The second will be Tuesday, when a $1.7 billion payment to the International Monetary Fund comes due. The IMF has repeatedly said it will not offer an extension on that deadline. Greek officials, meanwhile, say they do not have the money to make the payment unless the country’s creditors unlock $8 billion in bailout funds that have been frozen as the negotiations have stalled.

Tsipras has set the referendum for July 5, although it is unclear exactly what Greek voters will be deciding. In announcing the vote, Tsipras said he wanted to give the Greek people the chance to vote on the latest proposal by Greece’s creditors, which he attacked as “an ultimatum” that would place “unbearable new burdens on the Greek people.”

But with Greece sliding toward default and a possible break with the euro zone, there is no guarantee that the offer will remain viable by the time of the referendum, even if Greece does vote “yes.”

The European Central Bank, the European Commission and the IMF have together provided Greece with $264 billion in bailouts over the past five years as the country has reckoned with sky-high debts.

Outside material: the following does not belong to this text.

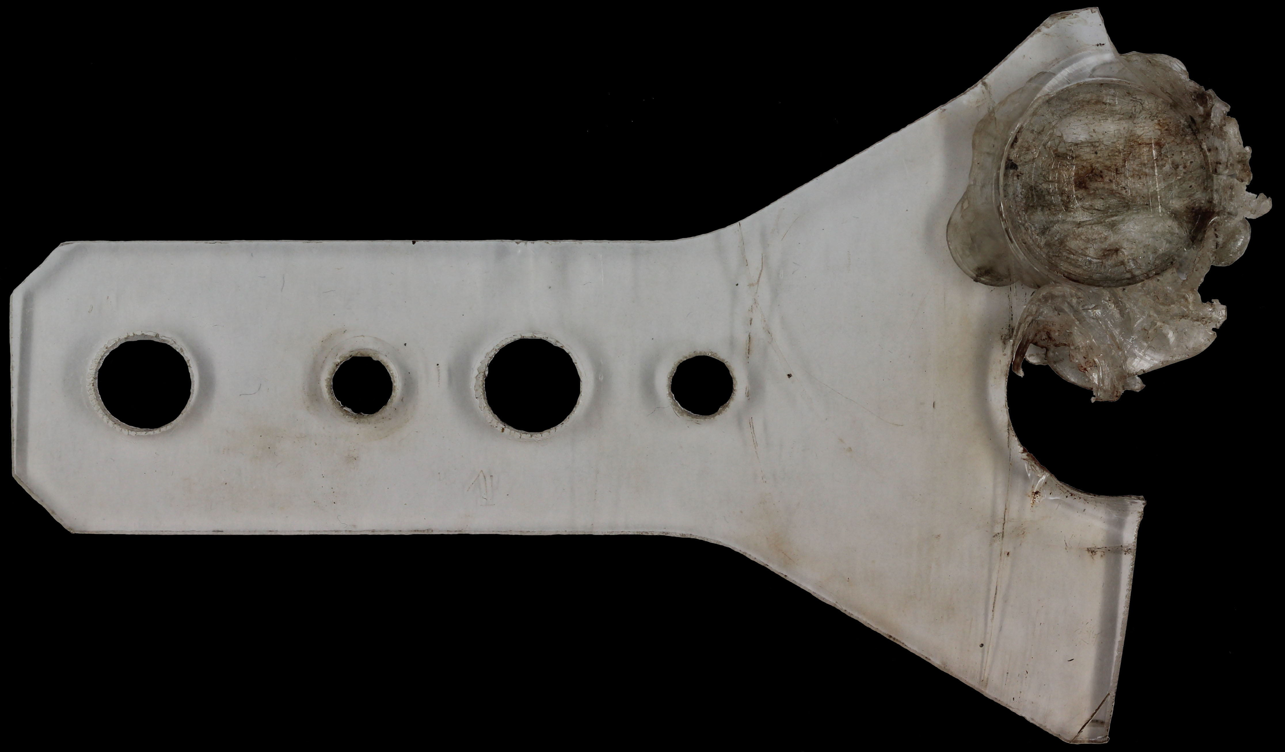 Тогда тоже покажу, как при рассинхронизации лапка попадает под удар, но уже на ММД. Материал в данном случае - монолитный поликарбонат. Все эти фото показывают возможность образования обсуждаемого брака, в случае, если попадает под удар материал попрочнее, типа закалённой стали.

After years of withering austerity policies imposed by European paymasters as a condition of those deals, Greece in January rejected the medicine and elected Syriza, a radical leftist party that promised to tear up the old agreements and start anew.

Greece has repeatedly demanded that Europe reduce the nation’s debt load and ease up on austerity, which officials say has devastated the economy and sent unemployment rocketing to 25 percent. But European officials have been unwilling to hand Syriza a victory and have insisted that the country keep to strict targets for belt-tightening.

The past week began with rare optimism, as Greece submitted proposals that European officials initially welcomed as a significant step forward after months of deadlock. But by Wednesday, the creditors had submitted counterproposals for slashing pensions and cutting spending. Greek officials rejected them, saying they would cross the government’s red lines.

During debate in the Greek Parliament on Saturday over whether the referendum should go ahead, Tsipras was given a standing ovation from supporters who cheered his defiance of European authorities. But opposition leaders and others accused him of recklessly endangering the country’s place in Europe.

“The nation’s most vital interests demand that the country remains at the heart of Europe. The E.U.’s actual shortcomings do not, in any way, negate this,” said former prime minister Costas Karamanlis, who spoke out after a long silence. “Foolish choices that undermine this principle push the country to adventures, with unpredictable and possibly irreversible consequences.”